Хотя Ириней верит в историю Адама и Евы, как в реальное событие, он пишет и о космическом Адаме, в лице которого согрешило все человечество. Обо всех людях можно сказать: «Первый Адам соделан был душою живущею, а второй Адам — духом животворящим» («Против ересей», 5.12.2; 1 Кор. 15:45). «Ежели душа живущая обратилась к жизни дурной и гибельной, то она же и вернется к лучшему, примет дух животворящий и обретет жизнь». Однако это не может произойти без помощи Божией. Оставаясь невидимым, Слово вело человечество по новому пути, но осуществить замысел Божий стало возможным лишь тогда, когда Оно явилось во плоти — в Иисусе Христе.
Ириней заимствует у Павла Еф. 1:10 термин
Несмотря на то, что Ириней многое оставил недосказанным, а некоторых вопросов так и не задал, он создал яркую и относительно законченную картину мира под Богом, которую до сих пор находят убедительной. В последней главе работы «Против ересей» он пишет: «…единый Бог Отец, создавший человека… единый Сын, исполнивший волю Отца, и единый род людской, в котором завершились все тайны Божий». Все пути на небе и на земле сходятся в одну точку — спасение человечества.
НАЧАЛО ЛАТИНСКОГО БОГОСЛОВИЯ: ТЕРТУЛЛИАН
Тертуллиан как верующий
К концу II века Евангелие обрело прочные позиции в североафриканских землях Римской империи, особенно в Карфагене. Греческий язык знали только образованные люди, да и то не все, на нем также немного говорили в купеческой среде и в христианских общинах, имевших связи с Лионом, Малой Азией и Римом. В ходу еще оставались древнекарфагенское (пуническое) наречие и нумидийские диалекты, которые быстро отмирали. Подавляющее большинство населения считало родным языком латинский. Первые переводы Священного Писания и литургических сборников на латынь появились именно здесь еще в середине II столетия. Однако, кроме древнеиталийской Библии и рассказа о безымянном мученике из Сциллы, образцов христианской литературы на латинском языке, датируемых до Тертуллиана, не сохранилось.
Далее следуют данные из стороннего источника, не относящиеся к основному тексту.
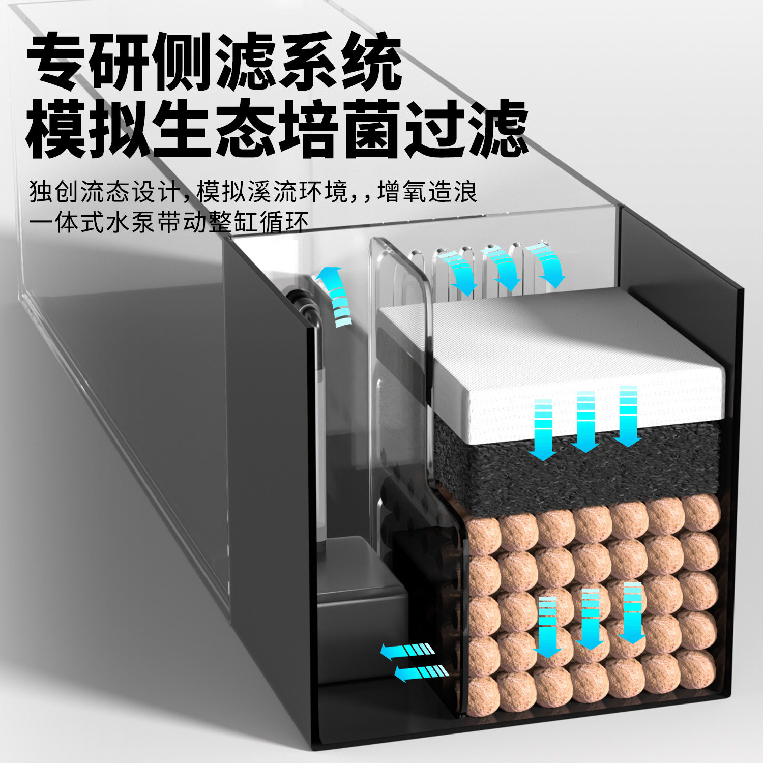 桌面溪流缸侧滤自循环家用生态鱼缸小型客厅造景过滤制氧一体阳台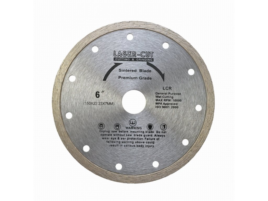 Diamantový kotouč celoobvodový 150 x 22,23 x 7mm LCR. Tyto kotouče poskytují hladký a přesný řez.Ideální pro řezání keramických obkladů, dlažeb, mramoru a porcelánu.Doporučení chladit, Průměr kotouče - 150 mm, Výška segmentu - 7 mm, Upínací otvor - 22,23 mm, Řezný typ - celoobvodový...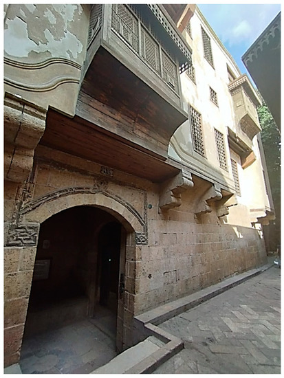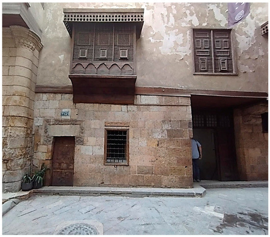 The architectural style of the house merged the styles of 19th-century Cairo and Turkish houses. The house consists of two stories. It has one façade that overlooks Eldarb Elasfar st., and the façade of the ground floor has ten wooden pointed arched windows covered with iron grilles and a stone round arched house gate with wooden doors. The first floor façade has 12 rectangular wooden framed windows with wooden-glassed panes (Figure 10 and Figure 11).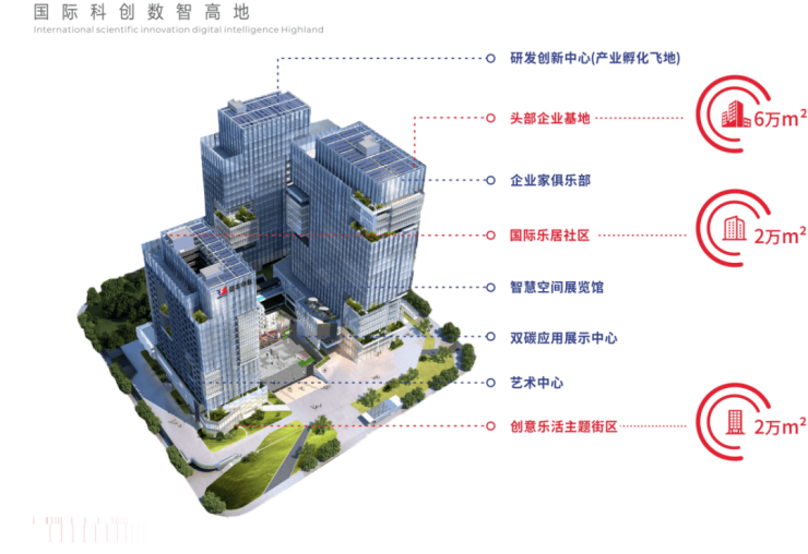 项目总建筑面积14万㎡(含地下空间),其中,6万㎡头部企业基地、研发创新中心。2万㎡国际乐居社区、2万㎡创意乐活主题街区。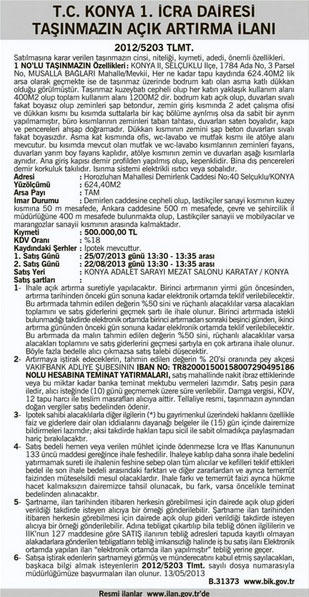 Konya 1. İcra Dairesi, 624 metrekare alana sahip dükkanı 500 bin lira tahmini bedelle satışa çıkardı. KDV'si yüzde 18 olan dükkanın ihalesi 25 Temmuz 2013 günü saat 13.30 ile 13.35 arası Konya Adalet Sarayı'nda gerçekleştirilecek. Alıcı çıkmaması durumunda ikinci satış 22 Ağustos 2013 günü aynı yer ve saatte gerçekleştirilecek.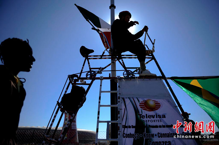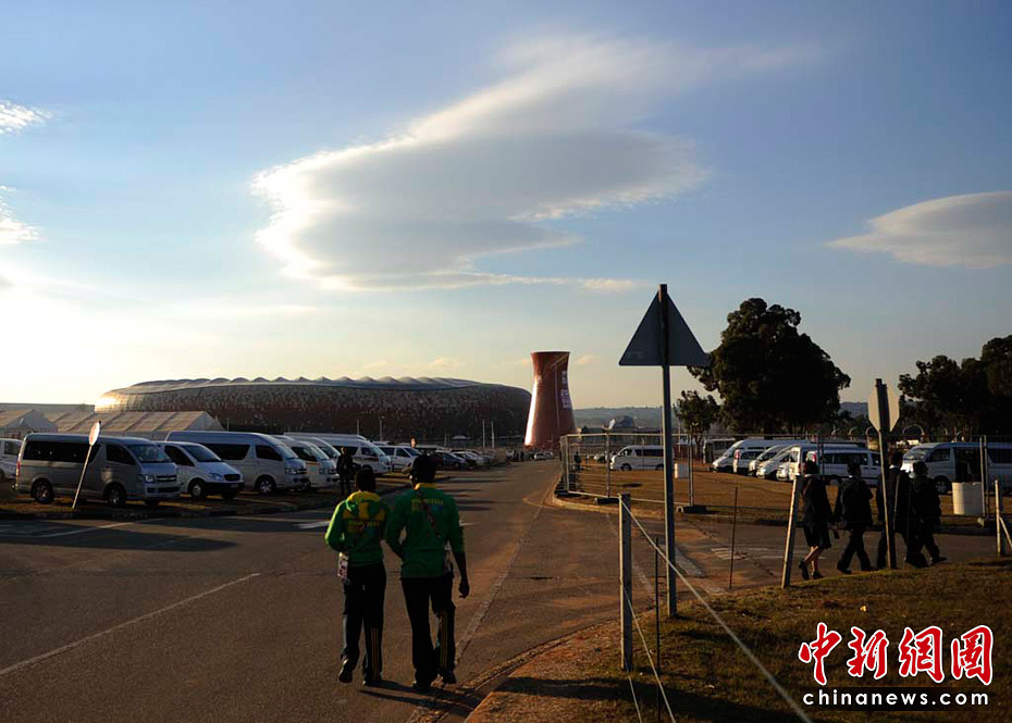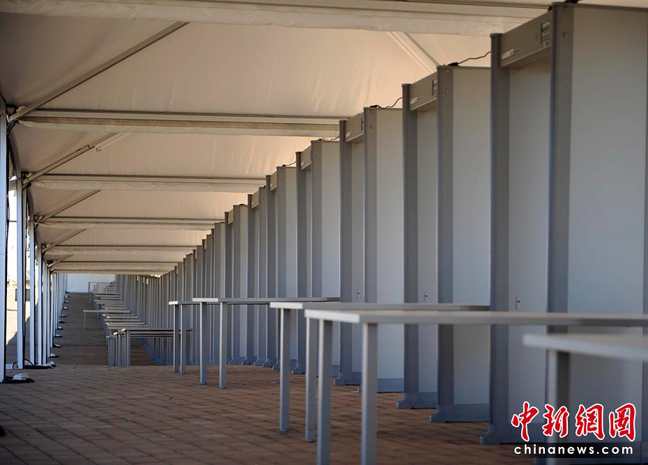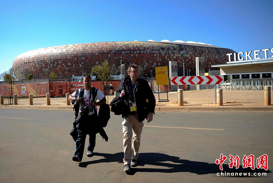 警察在足球城維護秩序。中新社記者 廖攀 攝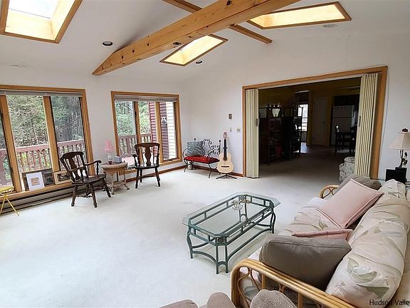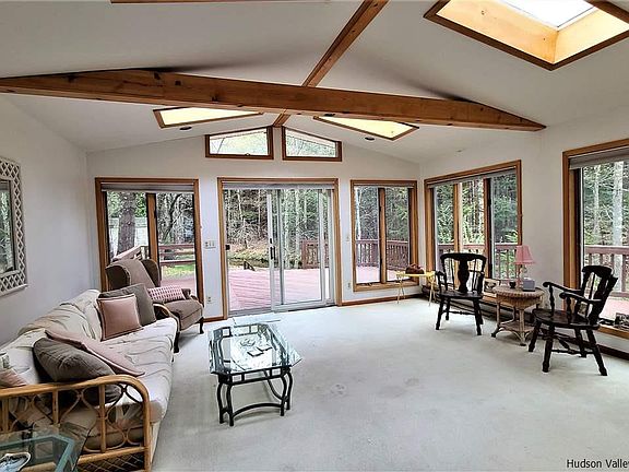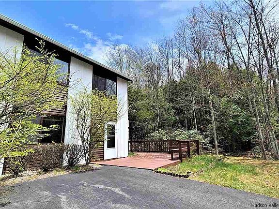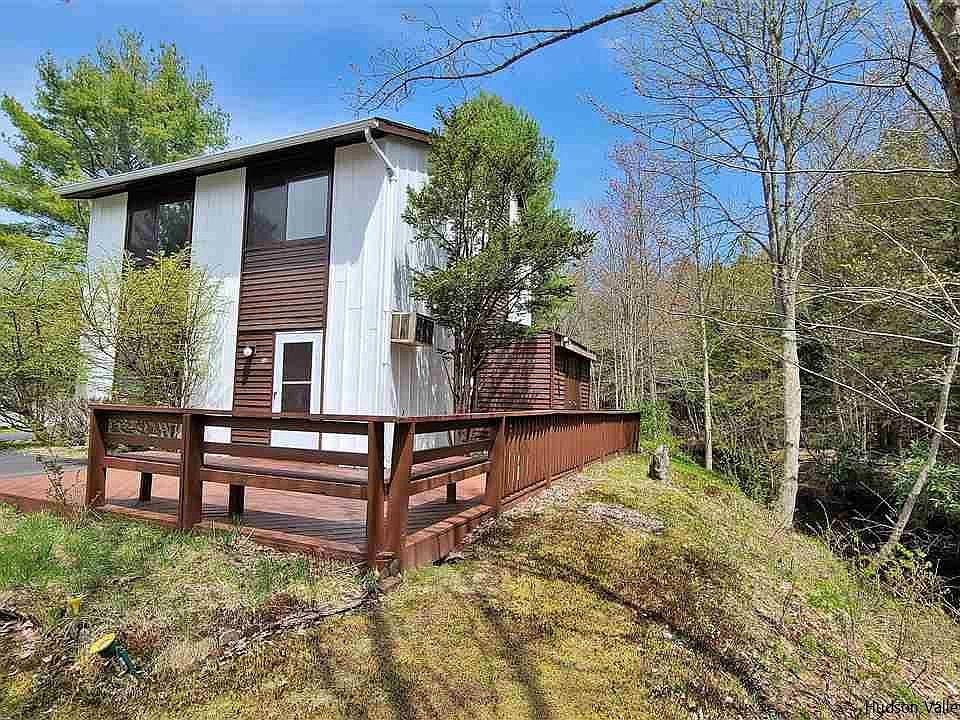 Waterfront townhome is the perfect country place with a gorgeous streamside location! This end-unit is also across the street from the pool, playground and all the community amenities (gym, clubhouse, events)! This has to be the BEST location in all of Patio Homes! Owned and loved by the same family for years, it needs a little updating but is move-in ready. A lovely sunroom with picture perfect views of the stream and back yard is a wonderful place to relax. Spacious open plan is as comfortable as can be and all 3 bedrooms upstairs have hardwood floors and tons of natural light. Wraparound deck was recently stained a deep brown and overlooks the natural landscape and meandering stream. So much to do in the Sullivan County Catskills while your maintenance is pretty much taken care of here! Amenities, garbage removal, lawn maintenace and snow plowing is covered by HOA. Conveniently located to shopping, dining, medical center, Casino and Bethel Woods! Cash only sale. There is an encroachment involving the deck and shed. HOA is 1780 per year, includes pool, playground, clubhouse which is right across the street.

Тертуллиан (160–220 гг.) получил блестящую подготовку в области римской риторики, был хорошо начитан, глубоко разбирался в стоической философии и христианской Библии, излагал свои мысли убедительно и четко. Со времен Иеронима (IV век) принято считать, что Тертуллиан был профессиональным юристом, но надежных доказательств этого нет. В христианство он пришел, по–видимому, уже взрослым. С самого начала его интересовало все, связанное с повседневной жизнью верующих, он много писал по практическим вопросам: о покаянии, молитве, крещении, постах, гонениях за веру. Он оставил даже наставления жене о том, как ей вести себя после его смерти. Тертуллиан требовал полного повиновения воле Божией, которая, по его мнению, заключается в непрерывном и покаянном стремлении к святости. Как и многие из поздних латинян, он говорит о Благой Вести, христианской Библии и христианском вероисповедании как «Законе». Отличить ученика Христа от пленника мира сего возможно только по делам праведности.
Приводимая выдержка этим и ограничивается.